Early 5th-century BC tyrant of Himera, Sicily

Terillus (Τήριλλος; fl. early 5th century BC) was a son of Crinippus, tyrant of Himera, in Sicily, Magna Graecia.

Nothing is known about how Terillus rose to power. Nor is there any information available to historians about the duration or events of his reign. Rather, knowledge about Terillus relies on his interactions with other historical figures.

Terillus sought to consolidate his power as tyrant of Himera by giving his daughter Cydippe in marriage to Anaxilas, the ruler of Rhegium. Terillus also maintained good relations with the Carthaginian general Hamilcar.

Hence, when Terillus was expelled in 483 BC from Himera by Theron, tyrant of Agrigentum, Terillus sought assistance from the Carthaginians.
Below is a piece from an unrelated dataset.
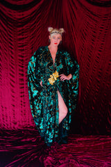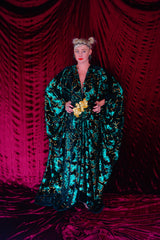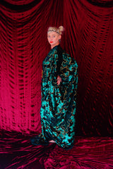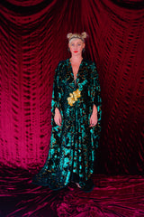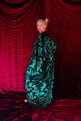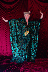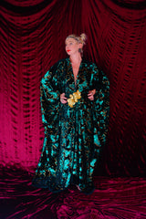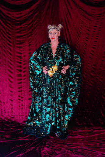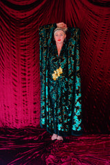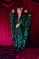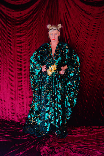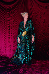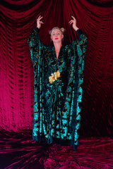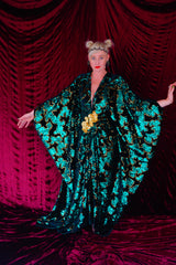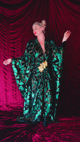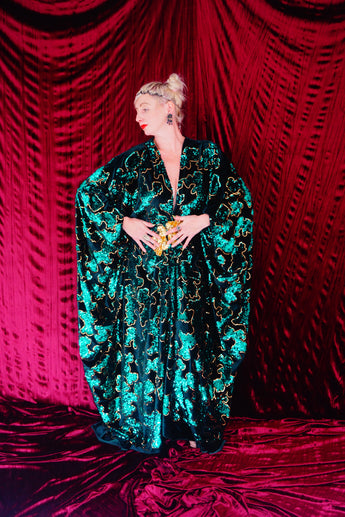 Divine Green velvet and gold sequin batwing Kaftan Gown

His son-in-law, Anaxilas, not only supported his request to the Carthaginians for assistance, but offered his own children as hostages to the Carthaginians. In response, the Carthaginians decided to assist Terillus' bid to be restored to power in Himera. Yet, they used Terillus' request as the basis for extending their own power in Sicily. So the expulsion of Terillus by Theron of Acragas became the excuse for a major Carthaginian expedition under Hamilcar against the Greek cities in Sicily, which would end in a major Carthaginian defeat in the Battle of Himera in 480 BC.

Nothing is known of the fate of Terillus after the defeat of his allies at Himera.